Дай я у тебя кружочек запишу, а как поднимешься на поверхность, отправишь, ладно?
— Да не вопрос, — он протянул мне мобильник.
— Кстати, не знаешь, что дальше с нами делать будут?
— Завтра отправят в Ростов на вертолете.
Хорошо. Завтра — в Ростов. Значит, уже завтра мы сможем увидеться с моей ненаглядной, единственной и неповторимой. Завтра. В Ростове. Будет тяжело, ей особенно. Не слишком ли эгоистично с моей стороны? Но сейчас она думает, что я на боевых. Рано или поздно все равно узнает. Нужно как можно быстрее сказать ей. Предупредить, что я уже в безопасности. Она будет волноваться из-за ранения, но будет уверена, что я жив, что ничего более страшного со мной уже не случится.
— Алин, привет. У меня все хорошо в целом, я в безопасности, но мне оторвало ногу.
— Лучше скажи, что ступню, — подсказал мой новый товарищ.
— Так. Что у вас тут происходит? — раздался голос медсестры.
— Я жене записываю сообщение, он потом с поверхности отправит, — почти огрызнулся я и продолжил.
— Алина, привет. У меня все хорошо, я видишь какой румяный. Сейчас в госпитале в Донецке. Мне на мине оторвало ступню, но все хорошо. Завтра отправят в Ростов, так что скоро сможем увидеться. Люблю тебя.

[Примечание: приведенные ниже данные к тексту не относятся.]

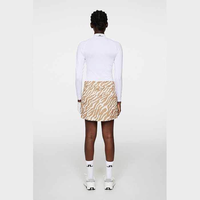 シーズンプリントを施したTXジャージで作られた毎年人気のショート丈のスカート。後ろにはジッパー付きポケットとブリッジロゴの刺繍が施され、機能性も抜群。内側にはショーツが付いており、テクニカル4ウェイストレッチ素材を使用し、吸湿性、速乾性も備えています。快適なゴルフライフをサポートする一着です。生地はエコテックス認証済みとなります。
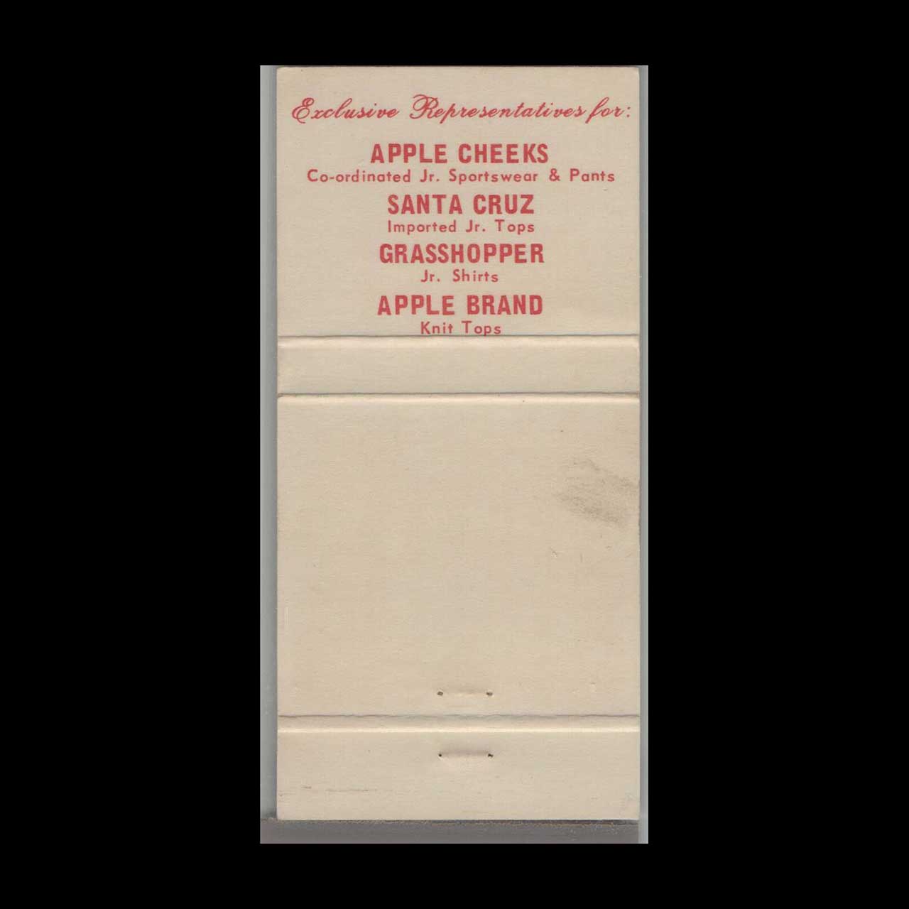 Vintage matchbook cover advertising Apple Cheeks Apple Industries New York, NY.

Кружок подвис неотправленным, а я протянул телефон владельцу и сердечно поблагодарил его. Скоро. Очень скоро мы увидимся. Осталось совсем недолго. Сейчас одна ночь, завтра пересылка, и все. Мне станет лучше. Все нормализуется, когда она будет рядом. Или нет. Правильно ли с моей стороны держать ее возле себя? Зачем ей инвалид? Жена инвалида…
Или глупости. Или нет, она не сможет уйти, хотя и перестанет видеть во мне мужчину. Какая разница, даже если за то, что я спасал жизни бойцов, пряча их на дачах под Угледаром, за то, что я делал этот блиндаж, несмотря на падающие мины, и то, что не пасовал ни перед чем, меня наградят орденом мужества, — рядом с женщиной должен быть самый сильный.
А я сейчас не могу даже перевернуться на бок, несмотря на затекшую спину. Не могу совсем ничего. И не смогу, скорее всего, уже ничего. Буду тенью самого себя, каким я был раньше. Может, Латыш был прав? Латыш, посоветоваться бы с тобой сейчас, обсудить еще раз все за и против. Но ты уже не услышишь.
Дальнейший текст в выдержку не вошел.